Tuesday, 25 February, 2020

Supreme Court Gives Green Light To Trump Administration's Asylum Rules

Supreme Court Gives Green Light To Trump Administration's Asylum Rules Supreme Court Gives Green Light To Trump Administration's Asylum Rules
Deanna Wagner | 13 September, 2019, 16:13

"WIN for the Border on Asylum!" With measures like this, he said, the Trump administration "is depriving us of the opportunity to be safe".

In our news wrap Thursday, the Trump administration began enforcing a new asylum policy after the Supreme Court allowed it to take effect nationwide. Tigar, who sits in Oakland, California, said the rule couldn't be squared with USA immigration law and the system Congress established for asylum applications. If they deny him again, he will try the United States.

"This is just a temporary step, and we're hopeful we'll prevail at the end of the day, " he said in a statement.

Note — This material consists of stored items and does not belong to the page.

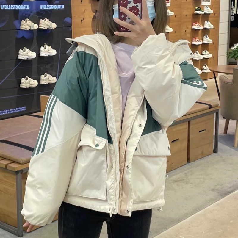 Adidas 三叶草 女款冬季运动休闲时尚拼色保暖宽松羽绒服 HS9518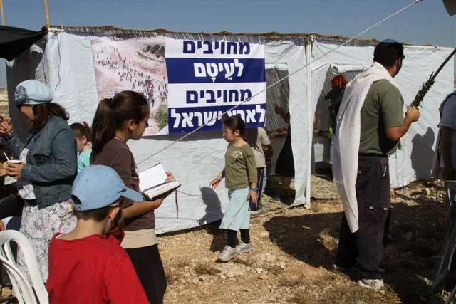 הרב שמעון גולן, חבר לשכת הרבנות, אמר בין יתר דבריו שבמקום שמוקמת סוכת ארעי- תשכון סוכת קבע ושכונת קבע בע"ה.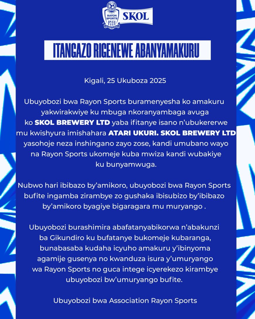 Yagize iti “ Ubuyobozi bwa Rayon Sports buramenyesha ko amakuru yakwirakwiye ku mbuga nkoranyambaga avuga ko Skol Brewery Ltd yaba ifitanye isano n'ubukererwe mu kwishyura imishahara atari ukuri. Skol Brewery Ltd yasohoje neza inshingano zayo zose, kandi umubano wayo na Rayon Sports ukomeje kuba mwiza kandi wubakiye ku bunyamwuga."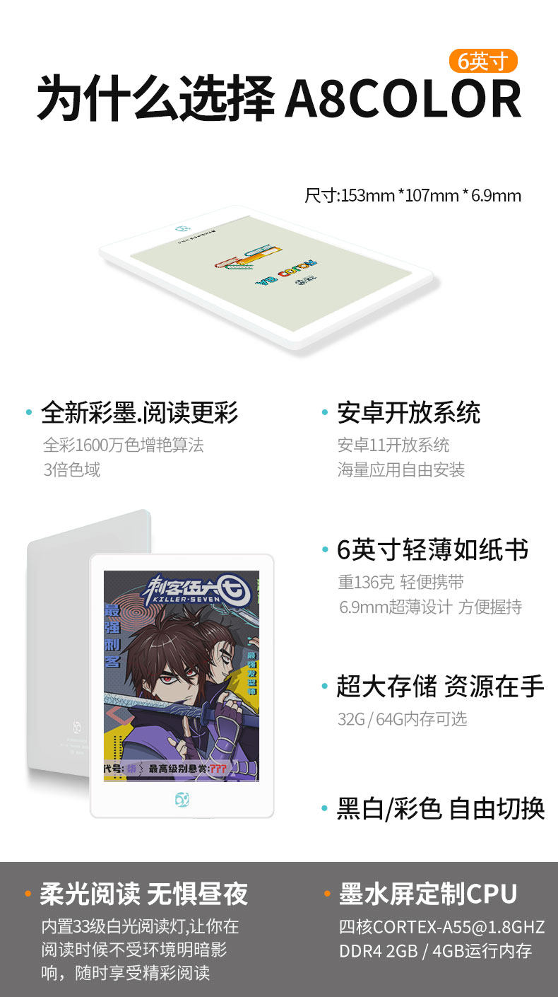 | Color Classification | A8Color Color Screen Reader (4+64g),A8Color Color Screen Reader (4+64g) + Moonlight Linglu Protective Case,A8Color Color Screen Reader (4+64g) + Lutaxiangyun Protective Case,A8Color Color Screen Reader (4+64g) + High-Grade Gray Protective Case,A8Color Screen Reader (4+64g) + Dream Blue Protective Case,A8Color Color Screen Reader (2+64g),A8Color Color Screen Reader (2+64g) + Moonlight Linglu Protective Case,A8Color Color Screen Reader (2+64g) + Lutaxiangyun Protective Case,A8Color Color Screen Reader (2+64g) + High-Grade Gray Protective Case,A8Color Screen Reader (2+64g) + Dream Blue Protective Case |

United Nations High Commissioner for Human Rights Michelle Bachelet said this week she was concerned that immigration policies implemented in Mexico, the USA and some Central American countries "are putting migrants at heightened risk of human rights violations and abuses".

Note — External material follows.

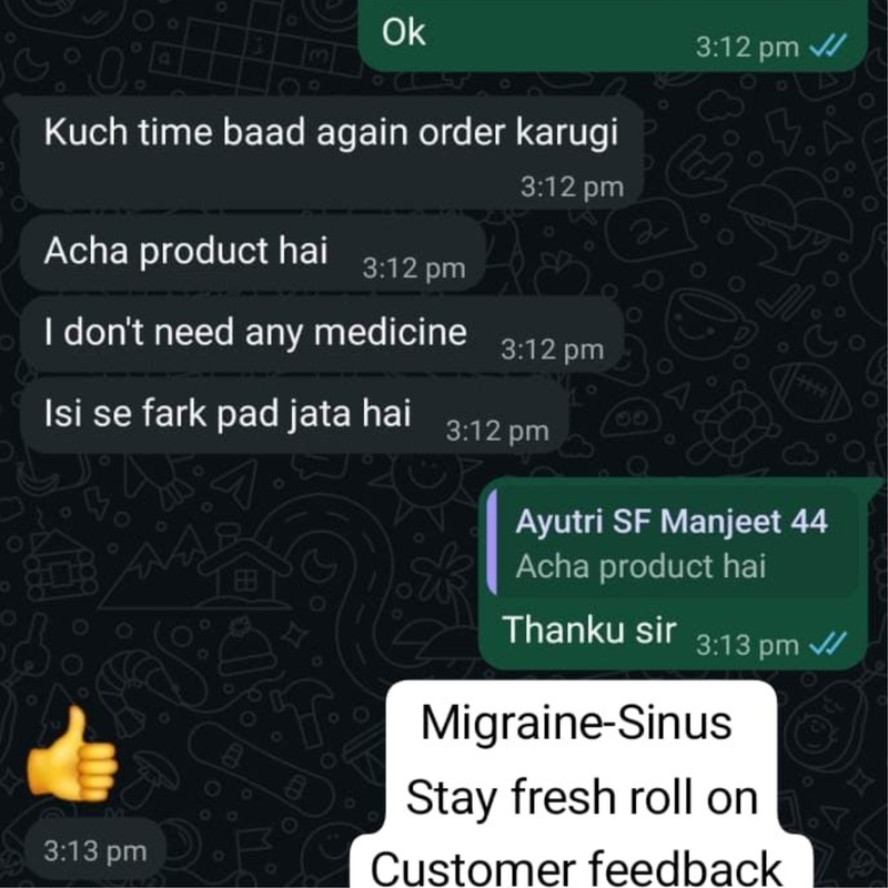 2025PPriya SharmaVerified Buyer“Instant Migraine Relief!”I get sudden migraines during work and this roll-on has been a lifesaver. Within 2–3 minutes I feel the cooling effect and my head becomes lighter. Carrying it in my handbag has become a habit now.Was this helpful? 66 2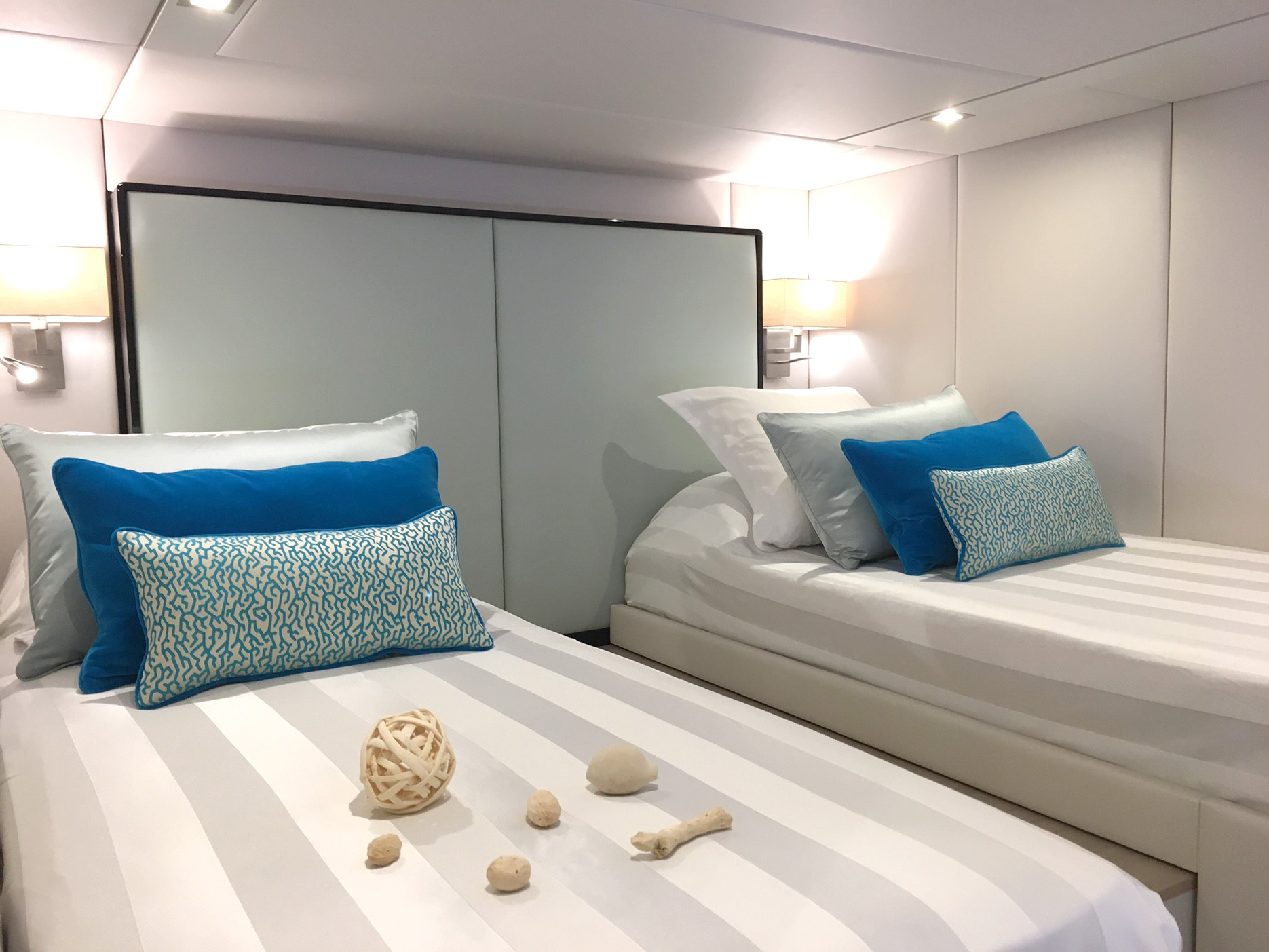 She was launched in 2017 and features expansive deck area, including accommodation for up to 10 charter guests in 5 cabins. She has a crew of 3.

District Court Judge Jon Tigar, who was appointed by former president Barack Obama, issued such an injunction in July, blocking the rule from going into effect across the four states that share a border with Mexico.

Top officials in the Trump administration celebrated the Supreme Court ruling that struck down the injunction on an asylum rule.

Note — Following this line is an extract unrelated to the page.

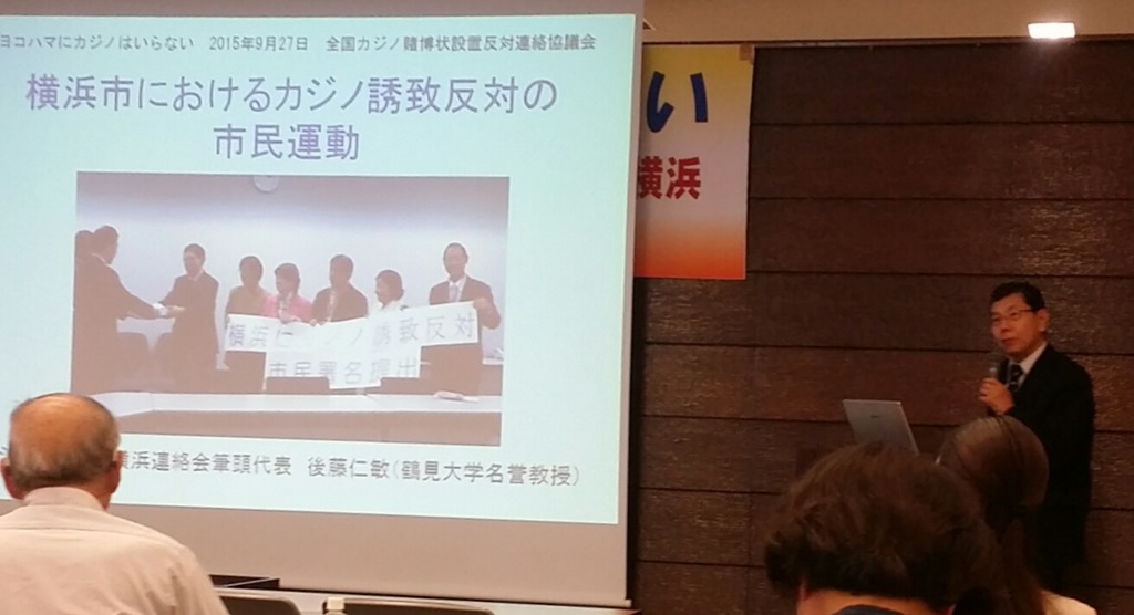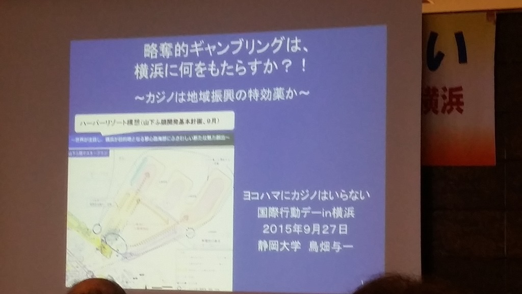 9月27日(日)山下町の神奈川県民ホール大会議室で、「ヨコハマにカジノはいらない」ー略奪的ギャンブル・カジノに反対する国際行動デーin横浜に私も参加しました。

President Trump's policy is a dramatic change in the way the federal government treats those seeking safe haven in the United States, and is one of the administration's most significant efforts to deter migrants at the southern border.

The court's ruling handed a victory to Trump at a time when much of his immigration agenda had been struck down by lower courts.

But Tigar on Monday expanded the injunction back to a national ban.

Mahecic pointed out that the Supreme Court had not yet addressed the "substance of the policy in question".

Cuccinelli said at an event hosted Thursday by Axios that the policy is needed to help alleviate the huge number of asylum cases in the US that have been driven by the surge Central American migrants. Under the new policy, they would fail the test unless they sought asylum in at least one country they traveled through and were denied.

Supreme Court Gives Green Light To Trump Administration's Asylum Rules
Supreme Court Gives Green Light To Trump Administration's Asylum Rules

Saying that U.S. migration policy was already "very tough", he called the decision "unprecedented". "But it would apply to anyone coming through Mexico or other countries".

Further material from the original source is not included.